Solved – Two sample Kolmogorov-Smirnov test for the stochastic dominance

hypothesis testingkolmogorov-smirnov teststata

I'm trying to use KS test to determine whether one group of data is scholastically dominates another. So I'm studying dataset regarding performance of companies, which are divided into 2 groups. Instead of comparing mean values for this two groups, I follow [1] and want to compare distributions using KS test (Table 3). They do two tests: one sided (A less then B) and two sided (equality). For that I use STATA's ksmirnov command, the problem is how to interpret the output. It return D and p but what one can conclude from these values is not clear for me. For instance, for my groups it returns:

. ksmirnov performance, by(myGroup)
Two-sample Kolmogorov-Smirnov test for equality of distribution functions

 Smaller group       D       P-value  Corrected
 ----------------------------------------------
 0:                  0.0047    0.972
 1:                 -0.1635    0.000
 Combined K-S:       0.1635    0.000      0.000

The 0 is checking hypothesis that group0 has smaller values then group1. The 1 for hypothesis that group0 has larger values then group1. But I do not understand how to interpret D and p. What is the unit of D and is it big enough to accept hypothesis (for instance, for the confidence 0.05)?
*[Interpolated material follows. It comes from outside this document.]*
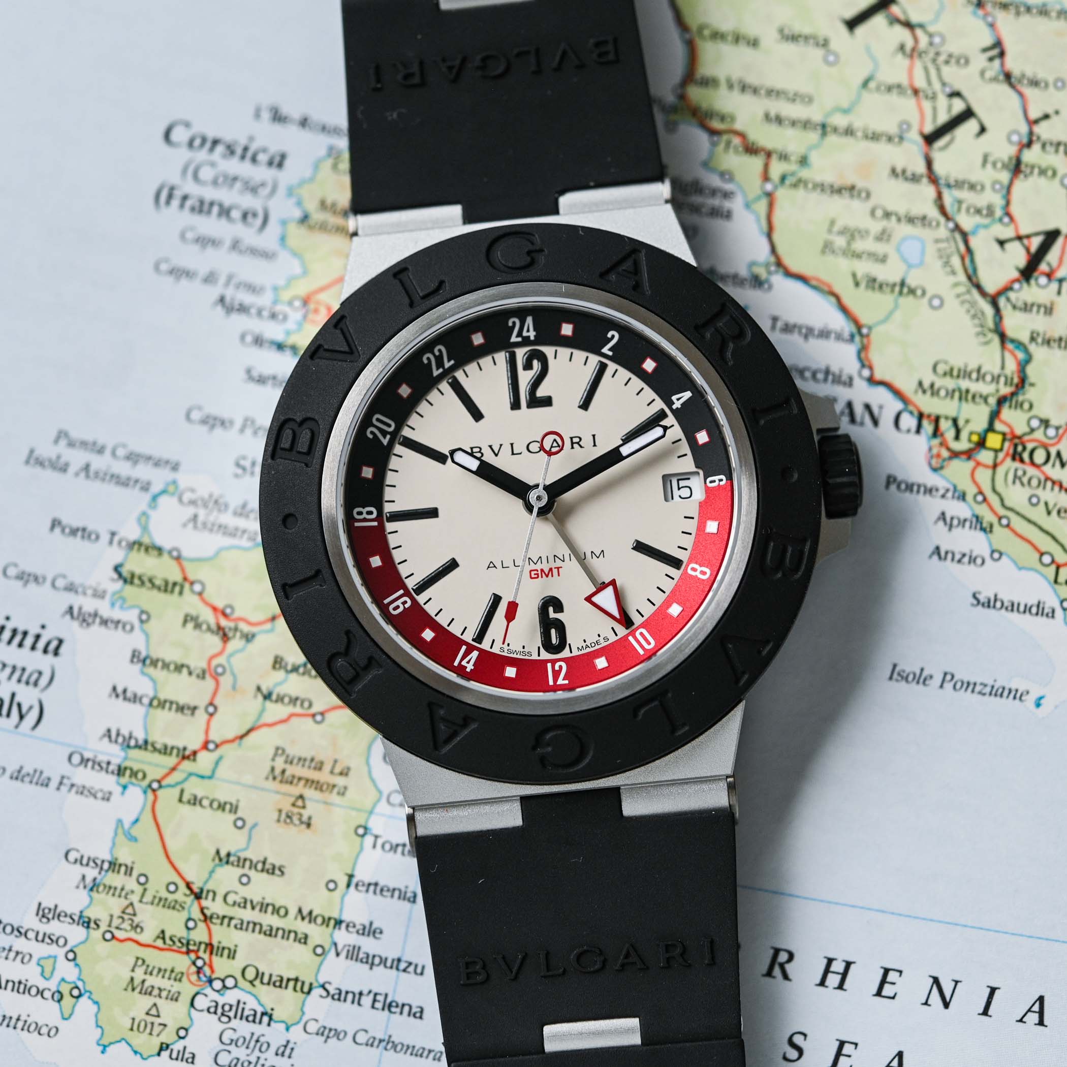 In addition to its unorthodox materials, the Aluminio featured the brand name Bulgari embossed into the rubber bezel not once but twice, making the brand name an integral part of the design. Originally appearing on the 1977 Bvlgari Bvlgari watch, the brand’s first industrially produced gent’s watch, the double mention of the brand name on the gold bezel was a nod to the tradition of Roman Emperors’ names stamped on coins. As a product that captured a very Italian design bravado, an image of the Bulgari Aluminio was strapped around the upper deck of an Alitalia Boeing 747 as part of a marketing campaign.

[1] http://www.etsg.org/ETSG2012/Programme/Papers/329.pdf

Best Answer

The Ds are the test statistics and they derive from the differences between the empirical cumulative distribution functions of the two groups. Therefore, they are the differences of probabilities. The p-values have their normal interpretation: if $pval \leq \alpha$, reject the null hypothesis; where $\alpha$ is a predetermined significance level.

Stata also gives an additional p-value for the non-directional hypothesis (Combined K-S), corrected for small samples.
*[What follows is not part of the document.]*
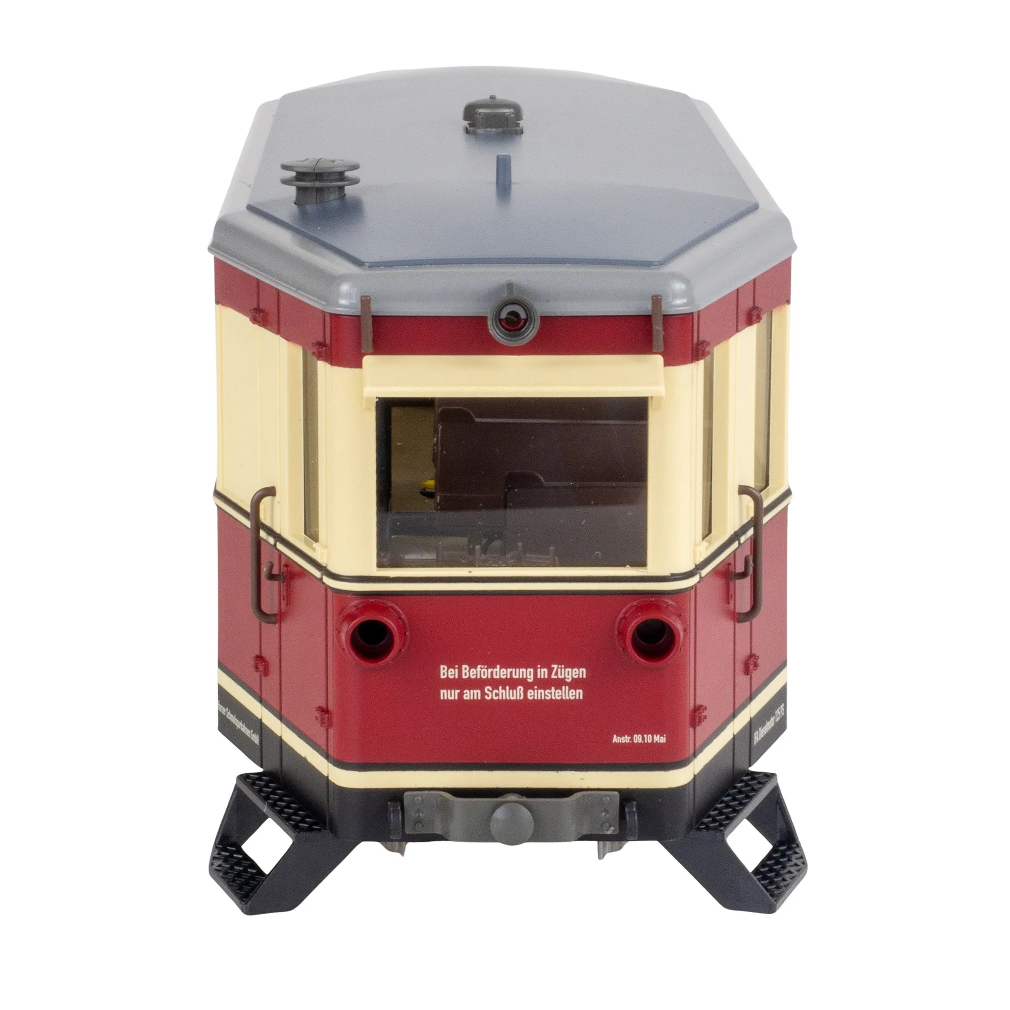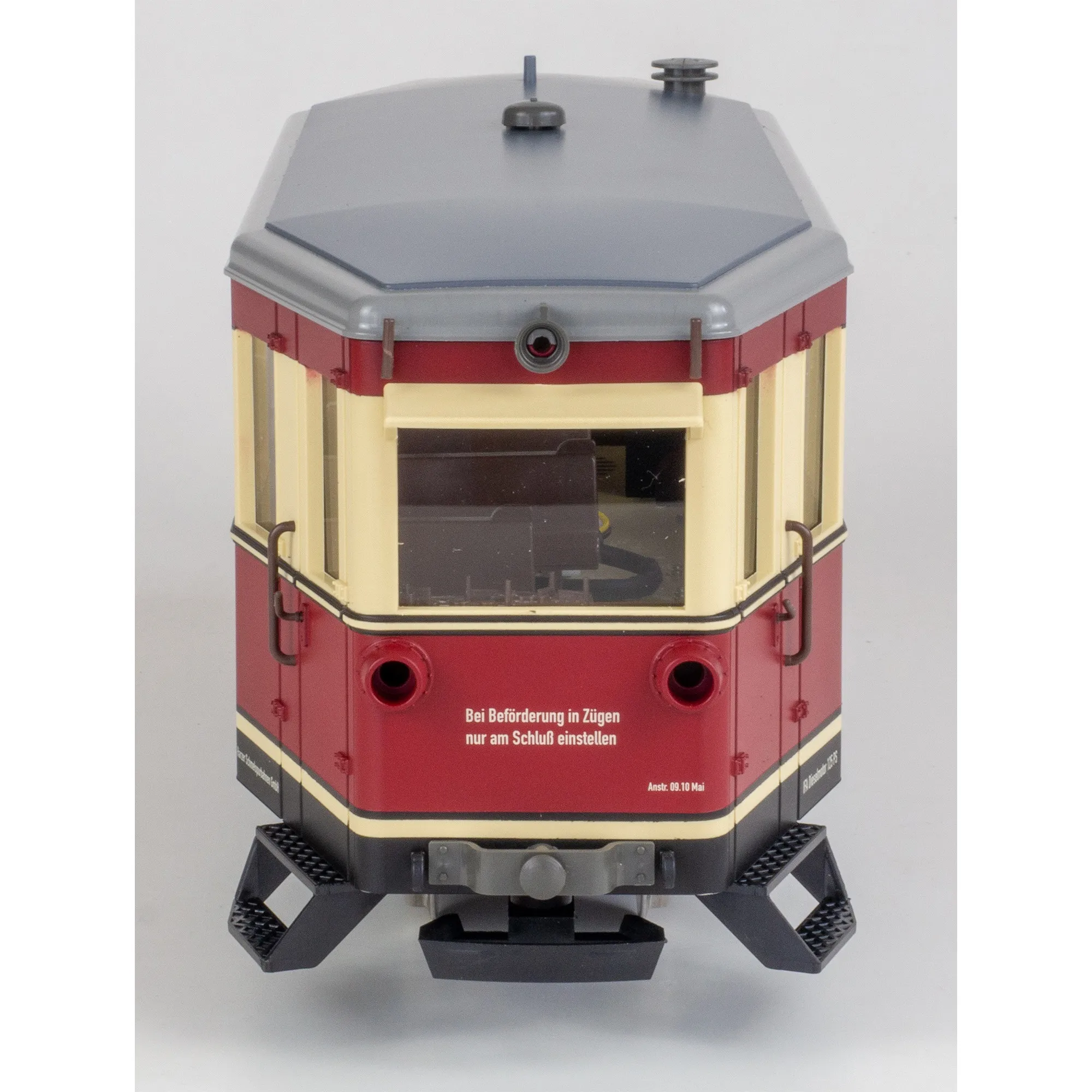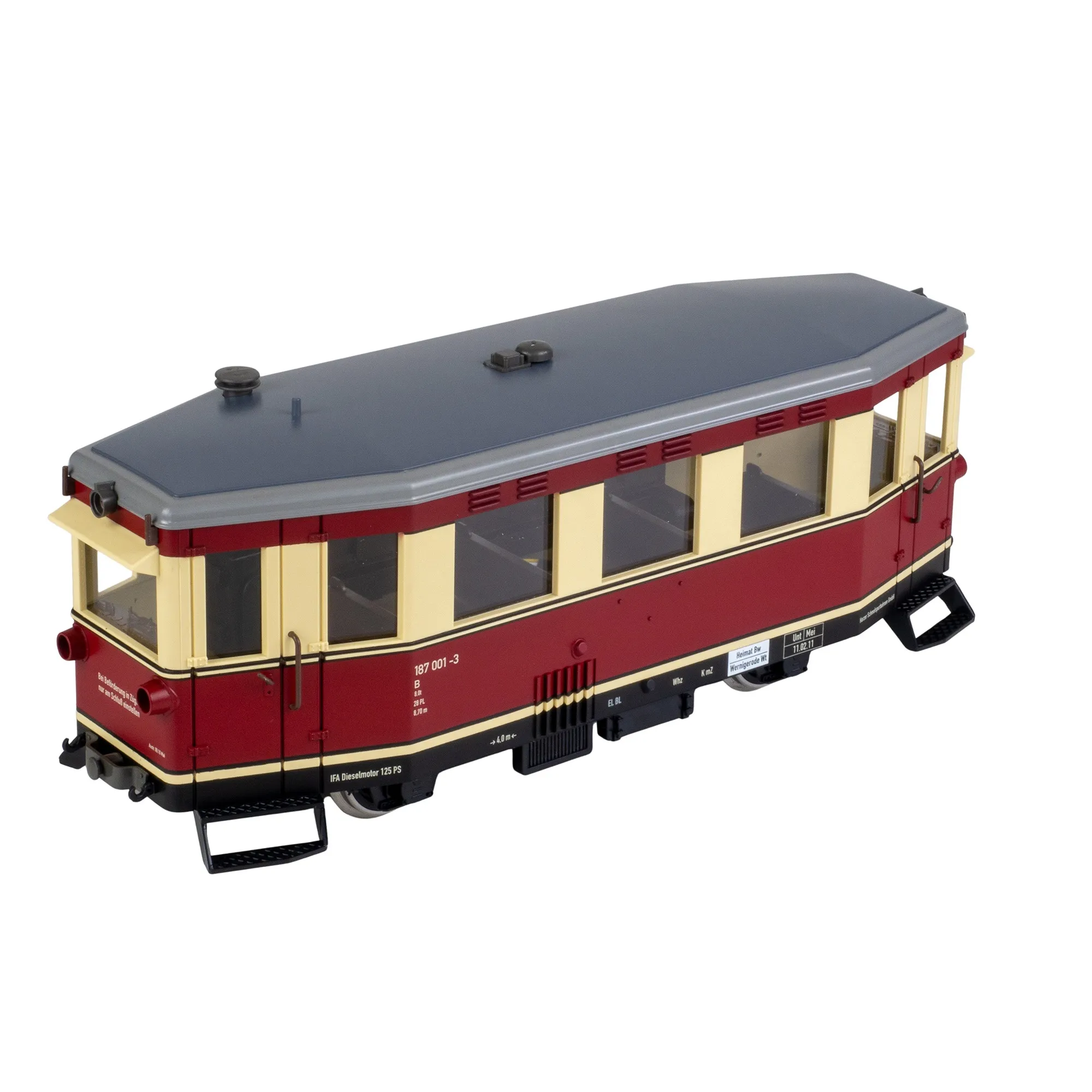 Das Vorbild wurde 1933 beschafft, erlebte nicht nur gute Zeiten und wurde 1989 neu aufgebaut. Seitdem wird es in sehr gutem Zustand für Sonderfahrten eingesetzt. Das Modell zeigt die aktuelle Lackierung in dunklem Rot mit vielen Zierstreifen und einer sauberen, detaillierten Bedruckung. Mit 45 mm Spurweite, 386 mm Länge über Puffer, Betriebsnummer 187 001 -3 sowie Digitalbetrieb (DCC) ist der Triebwagen vielseitig einsetzbar und zudem R1-tauglich.

Examples and details of what Stata does are in [R] ksmirnov, including the math in the Methods and formulas section.

An example of a "manual" computation of the Ds is:

clear
set more off

*------ example data -----

use http://www.stata-press.com/data/r12/ksxmpl

*----- manual computation -----

bysort group: cumul x, gen(cumd)

sort x

gen cumd1 = cumd 
replace cumd1 = cumd1[_n-1] if group != 1

gen cumd2 = cumd 
replace cumd2 = cumd2[_n-1] if group != 2
replace cumd2 = cumd2[2] in 1

gen diff = cumd1 - cumd2

summarize diff, meanonly
display  "" _n ///
         "Results are:" _n ///
         "This is D+ : `r(max)'" _n ///
         "This is D- : `r(min)'"

line cumd1 cumd2 x, sort // graph the cdfs

*----- direct computation -----

ksmirnov x, by(group)

The "manual" approach is from [1], which Stata cites in its manual.

[1] Riffenburgh, R. H. 2005. Statistics in Medicine. 2nd ed. New York: Elsevier.